IoT makes use of the Open Systems Interconnection model, which employs seven interactive layers to handle each phase of message transport. The IoT application layer is one of seven layers, three of which are of particular importance to IoT application protocols.
The physical network layer is the actual infrastructure that is moving the data, such as Ethernet, Wi-Fi or Bluetooth.
The transport layer is the protocol supporting the movement of the data, such as Transmission Control Protocol (TCP), HTTP or User Datagram Protocol (UDP).
The application layer is the interface between the IoT device and the network with which it will communicate. It handles data formatting and presentation and serves as the bridge between what the IoT device is doing and the network handoff of the data it produces.
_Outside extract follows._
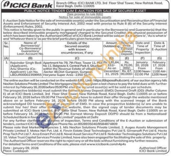 Apartment No 78, 7th Floor, Tower 11. Plot No 11, Belgravia II, Central Park II. Situated within the Revenue Estate of village Tikri Sector 48, Dist-Gurgaon, Gurgaon Haryana Super Area-2350 Sq Ft

Top application layer protocols in IoT
Engineers have many IoT application layer protocols to choose from, covering a broad range of functionality. The right protocol for a particular IoT application depends on a number of factors based on the type of device involved and the function it will perform:
- Data latency. How fast does data transport need to be? How much time can reasonably pass for a data packet to move from one point to another?
- Reliability. How consequential is data loss in the IoT application? How redundant must device communication be?
- Bandwidth. What's the volume of data that needs to be accommodated?
- Transport. What's the best transport protocol for the IoT application? TCP, UDP and HTTP each offer features that can be exploited by application layer protocols with which they're compatible.
Engineers must answer these questions before considering specific protocols to pin down which features will be most important.
Five of the top protocols and their features that matter most to IoT are:
Constrained Application Protocol. Organizations use CoAP with limited hardware that has a low transmission rate because it's lightweight. The protocol is HTTP-friendly, using two basic message types: request and response. Messages can be confirmable or non-confirmable. Data packets are small, so message losses are few. The disadvantage is the protocol lacks security, which engineers normally can remedy with datagram transport layer security, but DTLS is of limited use in IoT.
Message Queue Telemetry Transport. MQTT is a publish/subscribe protocol, which is effective for lightweight machine-to-machine (M2M) connectivity over TCP and minimizes data loss. Publish/subscribe for IoT means clients don't have to call for updates, which lessens network traffic and processing load. The protocol also accommodates a range of quality enforcement levels, from single handshake delivery to acknowledgment requirement.
Extensible Message and Presence Protocol. XMPP is based on XML, the document-encoding markup language popular for its human-friendly readability. As an HTML extension, XMPP is useful for real-time communication, including presence, content syndication and instant messaging. The protocol is highly scalable and offers devices data-bearing nodes that can connect with other nodes by request to create complex local networking and data-sharing.
Advanced Message Queuing Protocol. AMQP is an asynchronous protocol. Like MQTT, it uses a publish/subscribe approach. Engineers use the protocol primarily over TCP, but it is also capable of other transport methods. The protocol is quality-flexible and offers an optional one-or-more delivery guarantee. AMQP implements security via Transport Layer Security and Secure Sockets Layer.
Representational State Transfer. REST is the most ubiquitous protocol and gives IoT synchronous request-response via HTTP. HTTP makes it feature-rich, as well as capable of authentication and caching, both of which are useful in complex environments, although difficult to implement in IoT. The protocol is both XML- and JSON-compatible, which is useful for M2M and communication with tablets and smartphones, a boon for IoT.